As I predicted, the tuk-tuk booth at Delhi Station charged 100 rupees for the ride. What I hadn’t considered (and really, really should have) was the crush of tuk-tuks trying desperately to leave the station through one ridiculously narrow gate. We joined the cue, and spent the next few minutes mostly stationary, occasionally inching forward.

I glanced down at the clock: 10:40am.

‘How long?’ I asked, a vague hint of desperation in my voice.

’10 minutes. 15, maybe,’ he replied nonchalantly, almost at the gate now.

‘Okay. 10 minutes. 10 minutes is good.’

I spent the rest of the ride cursing traffic lights, cows, people, other tuk-tuks — anything that slowed us down, really.

10:45 and my knuckles were white, gripping my bag, perhaps thinking there was some correlation between the tightness of my grip

10:48 and we swerved past a sign reading ‘Nizamuddin Station: 500m’

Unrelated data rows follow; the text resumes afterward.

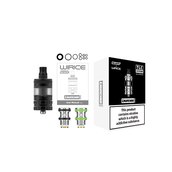 Mit seinen 23 mm Durchmesser und einer Höhe von 55,85 mm und eine Gewicht von 55 g macht der aus SUS304er Edelstahl und Borosilikatglas gefertigte Wirice Launcher Mini auf einer Vielzahl an Akkuträgern ein super Figur. Seine Optik und Haptik ist hierbei sehr modern und alle Bedienelemente sind angenehm griffig gestaltet. Der Launcher Mini bietet Platz für 3 ml Liquid, das über das komfortable Top Fill schnell und sauber in den Tank gefüllt werden kann. Dieser Tank wurde von Wirice und Hellvape für ein reines und hervorragendes MTL Dampferlebnis konzipiert, das die Herzen aller Backendampfer schneller schlagen lässt.
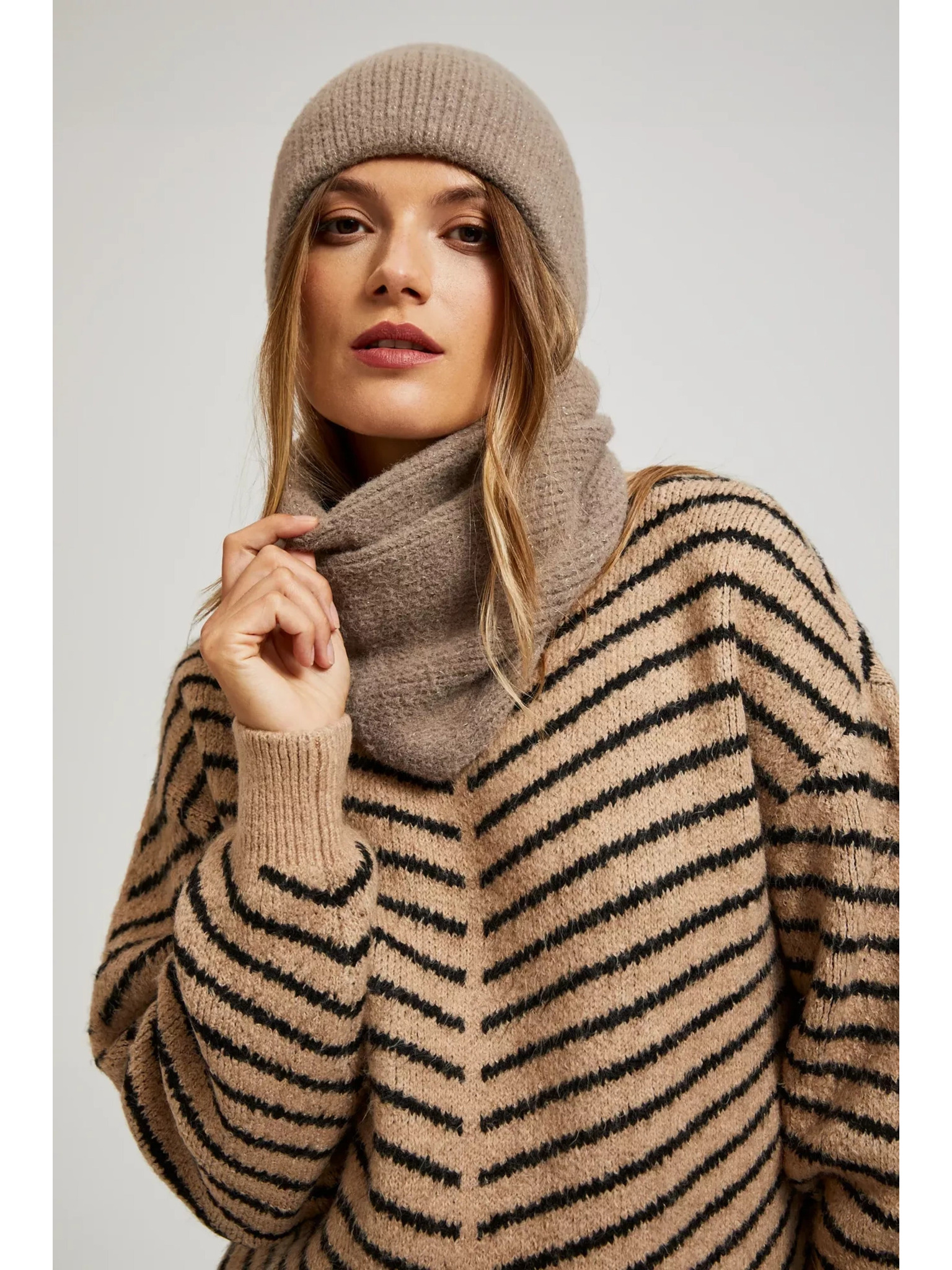 Щампован шал в бежово Moodo
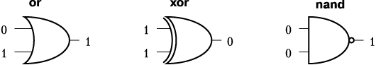 Вместо того чтобы использовать значения «истина» и «ложь», мы используем 1 и 0 в качестве значений битов, входящих и выходящих из вентилей.

10:49 and the tuk-tuk screeched to a halt. Thrusting the fare into the driver’s hands, I ran (well, tried — the 20kg bag on my back meant it was more of a lopsided, frantic lurch) to the entrance, pushed my bags through the security machine, and waved my ticket under a guard’s nose, ‘Which platform? Where?’

10:51 and I ran down from the overpass to the platform, skipping stairs. And saw my train oh-so-slowly pulling out of the station.

Actually, that last part didn’t happen. In a stunning twist of fate, the train left 4 minutes late — about 3 minutes after I hauled myself onto it, sweating and panting. But if I had missed it, I would have absolutely, entirely deserved it.

I tracked down my cabin, and awkwardly dragged and lunged my way to the upper berth, in the process dropping my water bottle and entirely dismantling the sheet-fort that the passengers beneath had constructed, in an attempt to keep purdah during the train ride.

A hand stretched out from the mass of sheets and handed it back with a muffled grunt.

Flopping onto the mattress (complete with sheet, pillow, and blanket — thank you, 3rd class!) and awkwardly contorting myself around my backpack, I glanced over the cabin and caught the eye of a man with a grey ponytail, a fringed leather waistcoat, and a slightly disarming grin.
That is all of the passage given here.